If you are a smart student, you may find that the conversion stream is both writable and readable. Can you combine the above mentioned pipe method for readable streams to make infinite pipe connections? Indeed, both conversion streams and duplex streams can be piped.

readabl
    .pipe(tranform1)
    .pipe(tranform2)
    .pipe(tranformN)
Copy the code

Some common events and methods

A series of states are maintained within the flow, and different flows will undergo state changes at different stages. Since the flow is inherited from EventEmiter, when the state changes, the related events will be triggered.

A readable stream Streams can be written
The event – data
– drain
Instance methods – read()
– write()
Methods that need to be implemented _read _write

NodeJs built-in flow

Many modules in NodeJs are implemented using streams.

readable writable duplex transform
– Http client response
– Http client request
Tcp socket crypto

What are the applications?

  • Streaming render chunk transfer

demo

import { createServer } from 'http'; import { Readable } from "stream"; const source=[ ` <!DOCTYPE html> <html lang="en"> <head> <meta charset="UTF-8"> <meta name="viewport" content="width=device-width, "> <meta http-equiv=" x-uA-compatible "content="ie=edge"> <title>Test</title> <script SRC = "https://unpkg.com/[email protected]/umd/react-dom.production.min.js" > < / script > < / head > `, ` <body> <div>chunk1</div> `, ` <div>chunk2</div> </body>`, `</html>` ] function getRS(){ let hasRead=false; const dataSource=[...source] return new Readable({ read(){ if(hasRead){ return } hasRead=true dataSource.forEach((d,index)=>{ setTimeout(() => { if(index===dataSource.length-1){ this.push(null) }else{ this.push(d) } }, index*1000); }) } }) } const server = createServer((req, res) => { let reqData; const readable= getRS(); req.on('data', chunk => { reqData += chunk; }); req.on('end', () => { console.log('req end') res.statusCode=200 readable.pipe(res); readable.on('end',()=>{ console.log('end') }) }); }); server.listen(3000);Copy the code
  • Large file reading

  • Upload and download large files

  • Data encryption and decryption

  • Data compression solution

What are the drawbacks of streams?

  • Documentation is not friendly enough

Because the Stream module is difficult to understand, to a large extent because NodeJs is not friendly, the official website is only Api documentation, important knowledge is fragmented, not a system, for some details of the implementation, often need to look at the source code to figure out, this is not very friendly for beginners.

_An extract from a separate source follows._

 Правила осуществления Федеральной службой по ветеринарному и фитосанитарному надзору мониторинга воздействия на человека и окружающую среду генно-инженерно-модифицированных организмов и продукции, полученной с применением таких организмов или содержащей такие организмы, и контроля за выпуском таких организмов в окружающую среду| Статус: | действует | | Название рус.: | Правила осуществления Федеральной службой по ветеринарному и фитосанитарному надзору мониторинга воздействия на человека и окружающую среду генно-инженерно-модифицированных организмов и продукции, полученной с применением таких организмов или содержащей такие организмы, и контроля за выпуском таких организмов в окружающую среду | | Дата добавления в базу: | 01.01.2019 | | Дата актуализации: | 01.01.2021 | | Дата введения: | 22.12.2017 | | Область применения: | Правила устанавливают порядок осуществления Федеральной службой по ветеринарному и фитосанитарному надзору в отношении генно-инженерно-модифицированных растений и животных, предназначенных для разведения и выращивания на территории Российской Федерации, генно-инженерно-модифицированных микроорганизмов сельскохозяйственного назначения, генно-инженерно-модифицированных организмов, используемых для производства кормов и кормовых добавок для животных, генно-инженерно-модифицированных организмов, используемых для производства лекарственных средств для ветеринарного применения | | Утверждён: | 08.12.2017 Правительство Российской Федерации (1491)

  • The convective combination is not strong enough

Currently, only the pipe method is available for readable streams, which is not powerful enough. In some scenarios, you need to do a lot of extra work manually, for example, if you want to consume from two streams to one place. Those familiar with RX may know that there are many kinds of relationships between Observables. RX has related methods to combine different Observables. Currently, there are related tools in the community that can convert streams into RX objects and process data.

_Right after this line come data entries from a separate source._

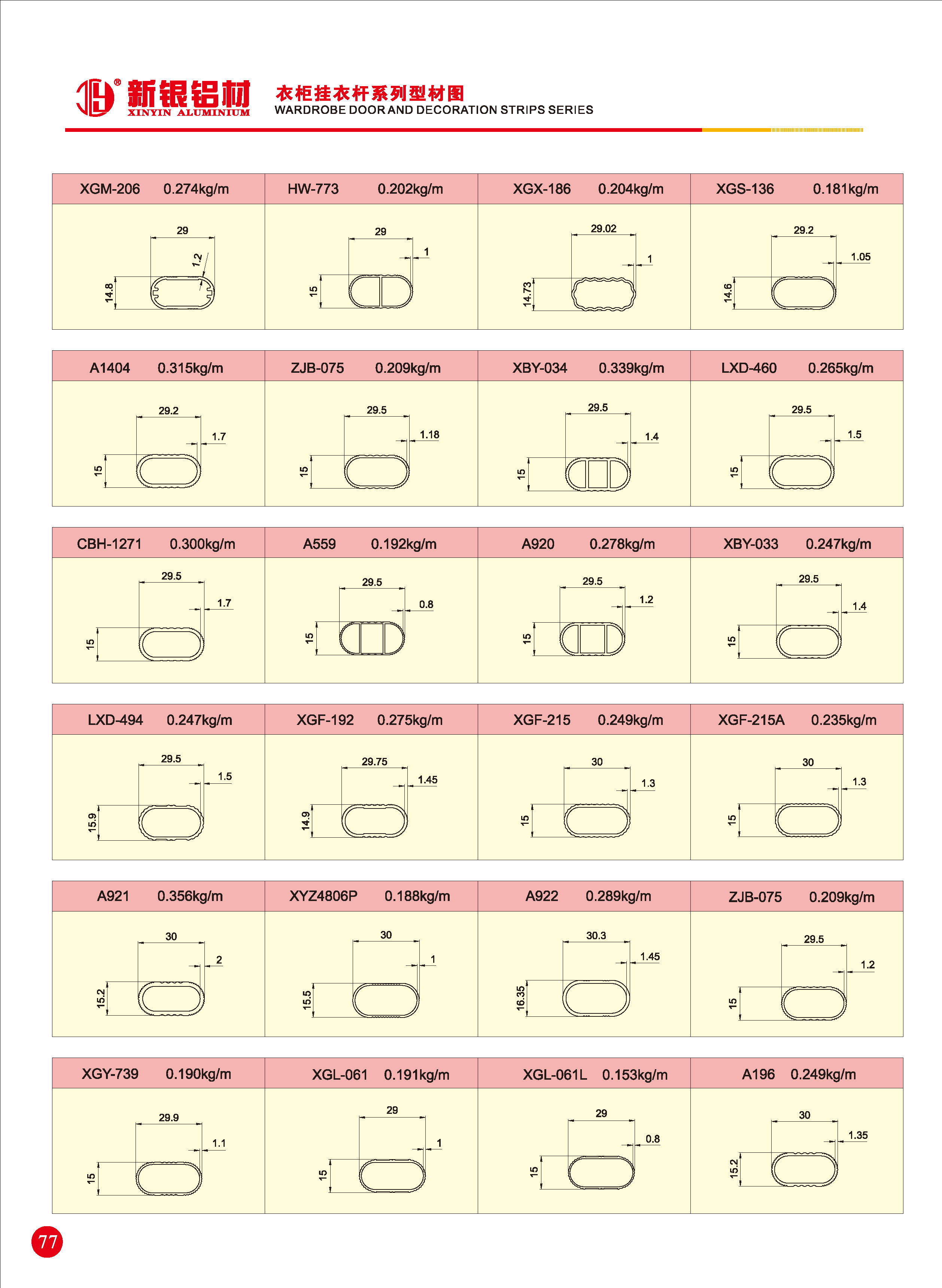 移门通用系列铝型材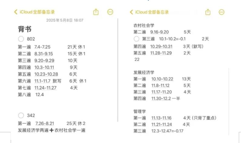 七月,我正式开始专业课复习。农业管理专业有四本教材及中央一号文件,我首先是大致看了一边教材,了解大概难度。由于各书在考试中的占比不同,每本书所花的时间也有差异。个人计划在考试前完成五到六轮背诵,因此暑假两个月内需完成四本书的第一遍背诵。而每本书约 10 - 14 章,为落实计划,我需要每天背诵一章的全新内容。每背完一本书后就立刻开启下一本,直至四本全部背完,紧接着开始第二轮。以此类推,不断重复。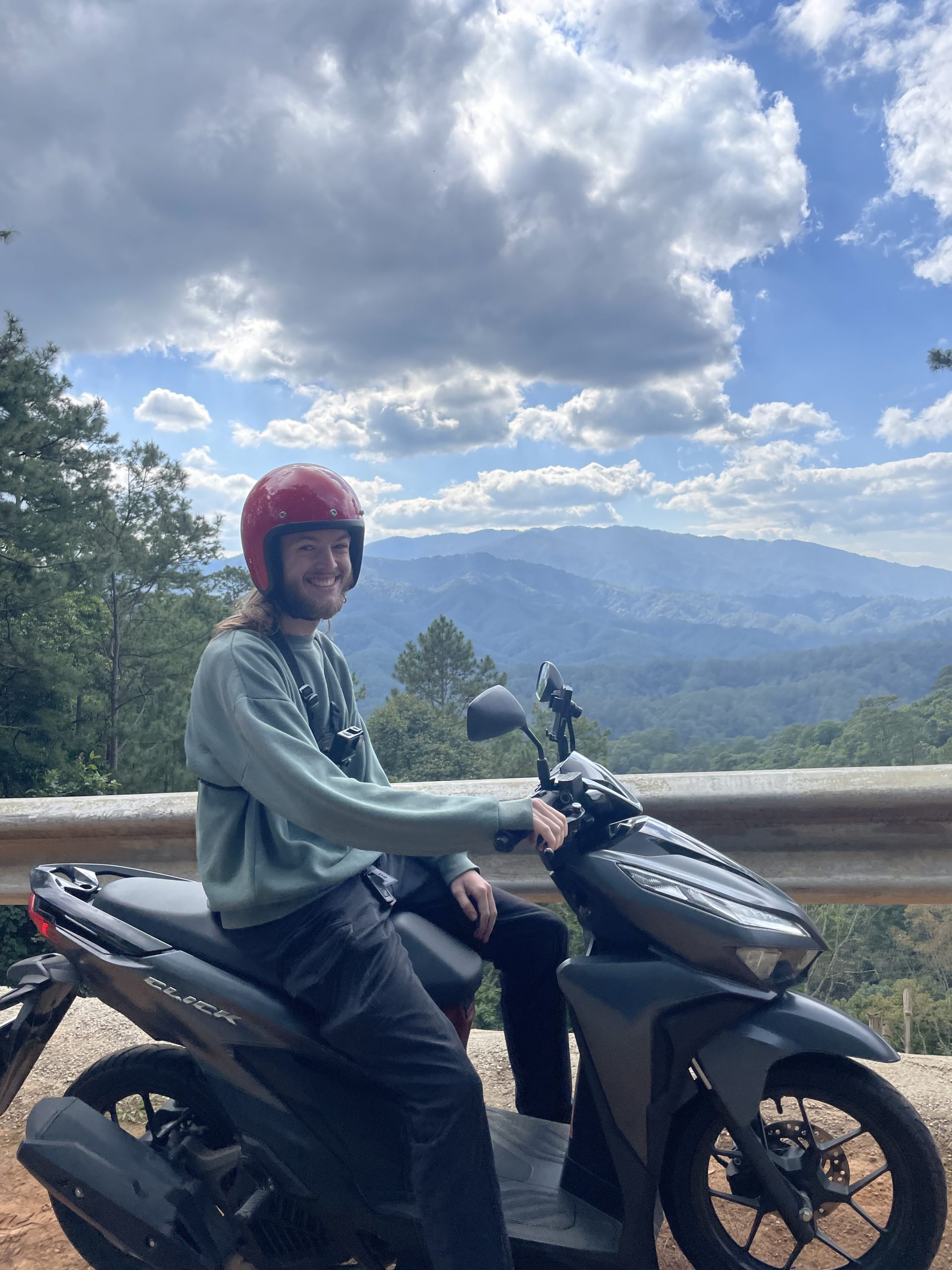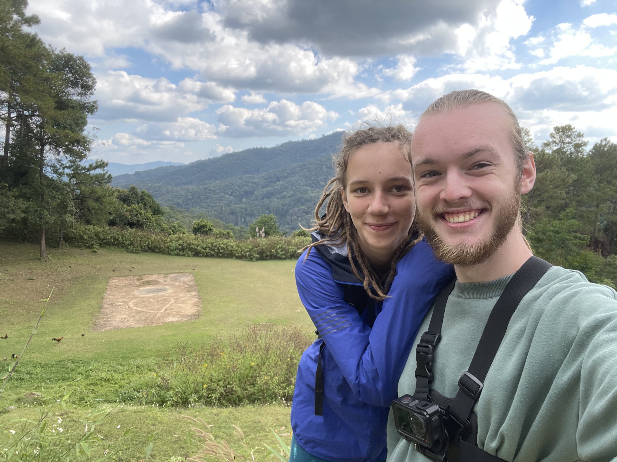 Am 03.01., dem letzten vollen Tag mit unserem Roller, haben wir noch einen großen Ausflug gemacht. Etwa drei Stunden nordwestlich von Chiang Mai liegt Pai, eine kleine Stadt, die als Touristenstadt hauptsächlich für den einfachen Zugang zu Drogen und das „Tipsy Tubing“ – mit Bier auf großen Badeinseln den Fluss runterfahren – bekannt ist. Aber auch die wunderschöne Landschaft in der Nähe ist bekannt. Selbst auf der Straße von Chiang Mai aus dahin soll man immer wieder tolle Aussichten haben. Wir sind also gegen 11 (ich war immer noch ein bisschen krank und habe uns eine Stunde aufgehalten) auf den Roller gestiegen und Thies hat uns nach Pai (und übrigens auch zurück) gefahren. Auch wenn die Altstadt von Chiang Mai sehr klein ist, gehen die Ausläufer der Stadt noch lange weiter. Die erste Dreiviertelstunde haben wir in den Außenbezirken der Stadt auf einer Schnellstraße verbracht. Danach wurde der Weg zum Glück Roller-Freundlicher, es macht wirklich keinen Spaß, wenn Autos direkt neben einem vorbei düsen. Danach wurde die Straße schmaler, kurviger und steiler. Da Chiang Mai in einem Bergtal liegt, geht es in so ziemlich jede Richtung nur bergauf. Die Ausblicke waren wirklich wunderschön, wir konnten immer wieder ins Tal und auf die gegenüberliegenden Berge gucken, da geht die Zeit viel zu schnell vorbei! Wir haben in einem kleinen Restaurant am Straßenrand Nudelsuppe gegessen. Das warme Essen tat sehr gut, denn im Schatten war es – mal wieder – arschkalt. Dafür konnten wir in jeder von Sonne beleuchteter Stelle wieder auftauen, es war also ein auf und ab der Gefühle!

  • Improper use may cause performance problems

Because streams maintain a cache, the default buffer size is 16Kb, but it will automatically expand in some cases, there is a risk of OOM if streams are not consumed in time or are not terminated. In addition, the stream reads and writes data multiple times, so if there is an overhead to read and write to the data source, the overhead increases linearly with the number of reads and writes.

conclusion

This article tries to introduce the flow in NodeJs from a macro point, let everyone have a system point understanding of the convection, there are many details did not explain, if you are interested, you can see the source code of the flow in NodeJs.